# Join two Dataframes by approximate column string matching 
(fussy lookup https://en.wikipedia.org/wiki/Approximate_string_matching)


### This example join two data frames by a common partial column using a Cartesian product and aggregate the result to found with rows doesn't have any match.

First we define two DataFrames df1 and df2 with a common partial column task name and partial task name:

In [1]:
import pandas as pd 

df1 = pd.DataFrame([  
          ['ABC', 'P1']
        , ['BCD', 'P2']
        , ['CDE', 'P3']
       ]
    ,columns = ['task_name', 'pipeline_name']
)

df2 = pd.DataFrame([  
          ['RR', 'C1']
        , ['BC', 'C2']
        , ['HG', 'C3']
        , ['AB', 'C4']
       ]
    ,columns = ['partial_task_name', 'extra_value']
)

Look that AB and BC are partial task of ABC and BCD and can produce ambiguity and many answers

In [2]:
df1

Unnamed: 0,task_name,pipeline_name
0,ABC,P1
1,BCD,P2
2,CDE,P3


In [3]:
df2

Unnamed: 0,partial_task_name,extra_value
0,RR,C1
1,BC,C2
2,HG,C3
3,AB,C4


To do a cartesian product or cross Join, we add a join column with the same value in both dataframes and mark every row that found a partial task where partial_task_name is contained in task_name:

In [4]:
df1['join'] = 1
df2['join'] = 1

dfFull = df1.merge(df2, on='join').drop('join', axis=1)
df2.drop('join', axis=1, inplace=True)

dfFull['match'] = dfFull.apply(lambda x: x.task_name.find(x.partial_task_name), axis=1).ge(0)
dfFull

Unnamed: 0,task_name,pipeline_name,partial_task_name,extra_value,match
0,ABC,P1,RR,C1,False
1,ABC,P1,BC,C2,True
2,ABC,P1,HG,C3,False
3,ABC,P1,AB,C4,True
4,BCD,P2,RR,C1,False
5,BCD,P2,BC,C2,True
6,BCD,P2,HG,C3,False
7,BCD,P2,AB,C4,False
8,CDE,P3,RR,C1,False
9,CDE,P3,BC,C2,False


Then do a group by to aggregate the task and pipeline and we add the column match, when we found at least one match the row is marked as True and if not found any match then is market as False

In [5]:
dfResult = dfFull.groupby(["task_name", "pipeline_name"]).max().reset_index()[['task_name','pipeline_name','match']]
dfResult

Unnamed: 0,task_name,pipeline_name,match
0,ABC,P1,True
1,BCD,P2,True
2,CDE,P3,False


Then the answer is CDE

In [6]:
dfResult[~dfResult['match']][['task_name','pipeline_name']]

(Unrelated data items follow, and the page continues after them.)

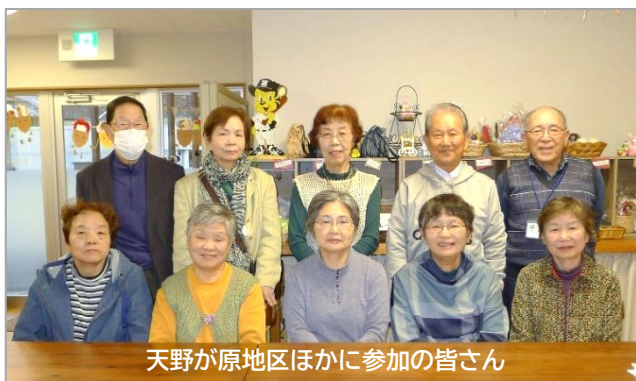
天野が原地区ほかに参加の皆さん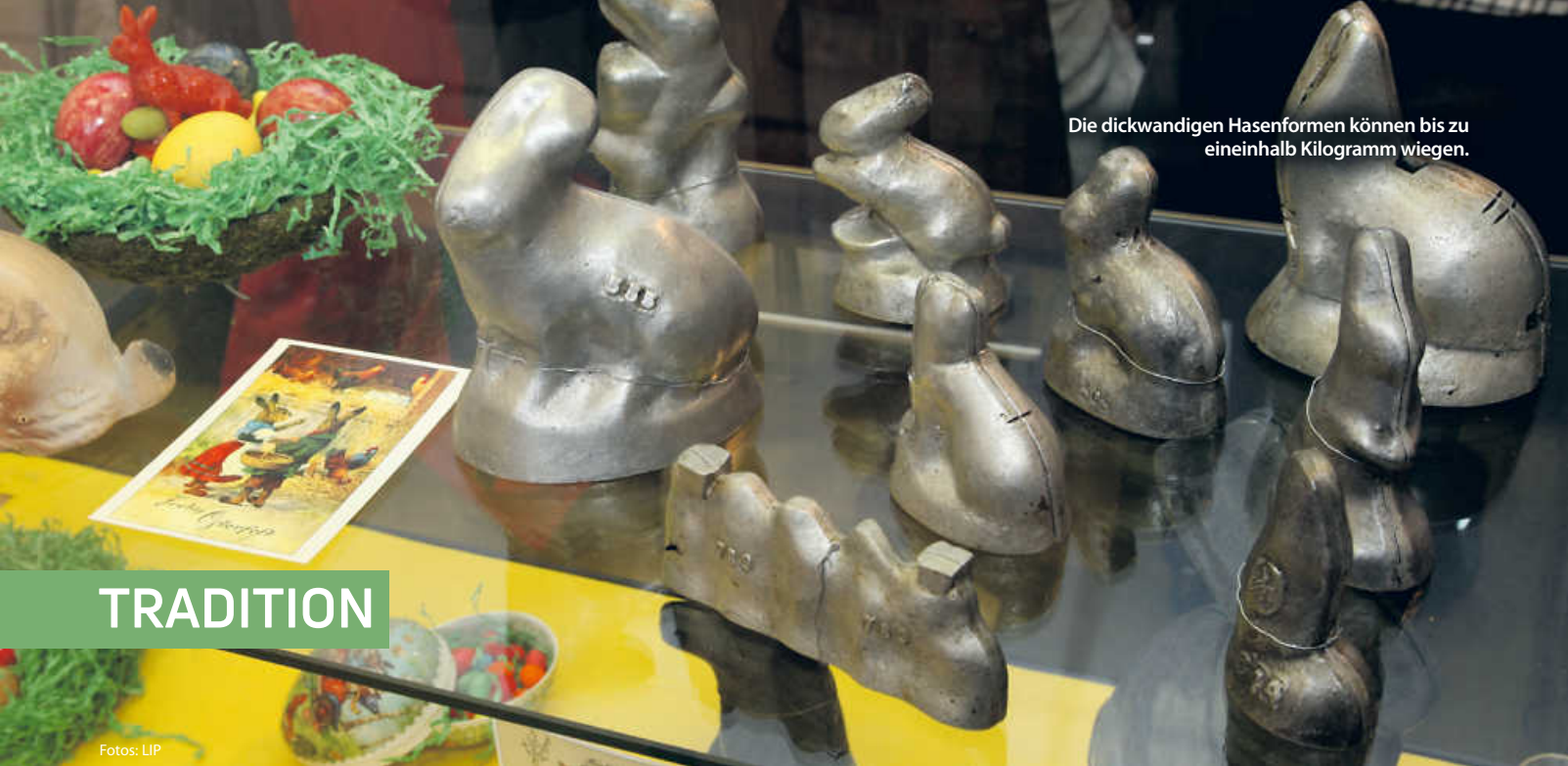
Die dickwandigen Hasenformen können bis zu eineinhalb Kilogramm wiegen.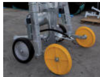
Carrello HP con ruote in ghisa HP trolley with cast iron wheels Chariot HP avec roues en fonte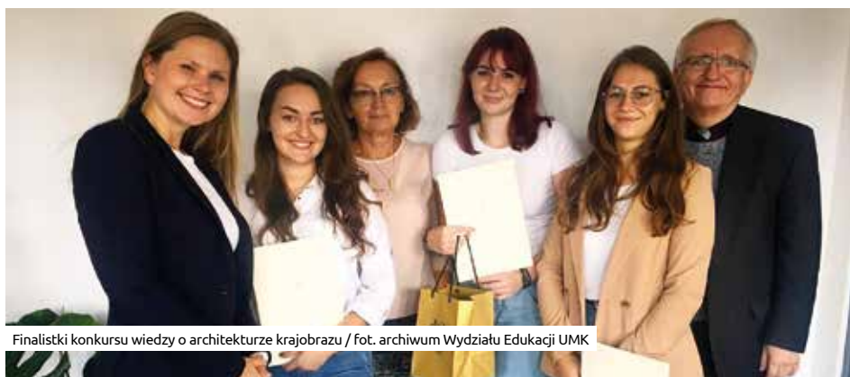
Finalistki konkursu wiedzy o architekturze krajobrazu

jedyne z Małopolski zostałyśmy zaproszone do Gdańska, gdzie mogłyśmy go zaprezentować. W kolejnym etapie konkursu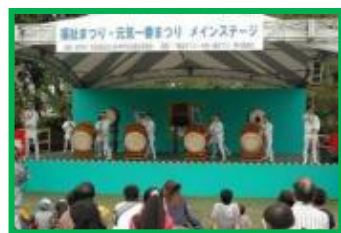
例年の福祉まつり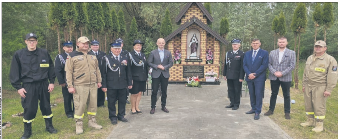
Przedstawiciele służb i samorządu Powiatu Płockiego przy kapliczce upamiętniającej przerwanie wału w Świnarach

23 maja minęło 16 lat od przerwania wału przeciwpowodziowego w Świnarach, które w 2010 roku doprowadziło do zalania 14 miejscowości w gminach Gąbin i Słubice. W wyniku tego zdarzenia około 4 tys. mieszkańców straciło swoje domy i dobytek, a część z nich musiała opuścić swoje miejscowości.

Unnamed: 0,task_name,pipeline_name
2,CDE,P3


# Using first match will produce a wrong answer

If instead we use only the first match It is going to assign to BC the key task ABC instead of BCD

In [7]:
df2['task_name_match'] = (df2.partial_task_name.apply(lambda x: df1[df1.task_name.str.find(x).ge(0)]['task_name']).iloc[:, 0])
df2

Unnamed: 0,partial_task_name,extra_value,task_name_match
0,RR,C1,
1,BC,C2,ABC
2,HG,C3,
3,AB,C4,ABC


Then the answer is incorrect because bring also BCD

In [8]:
dfR = df1.merge(df2, left_on='task_name', right_on='task_name_match',how='left')
dfR[dfR['partial_task_name'].isna()][['task_name','pipeline_name']]

Unnamed: 0,task_name,pipeline_name
2,BCD,P2
3,CDE,P3


Because BC was assigned to ABC instead of BCD:

In [9]:
dfR

Unnamed: 0,task_name,pipeline_name,join,partial_task_name,extra_value,task_name_match
0,ABC,P1,1,BC,C2,ABC
1,ABC,P1,1,AB,C4,ABC
2,BCD,P2,1,,,
3,CDE,P3,1,,,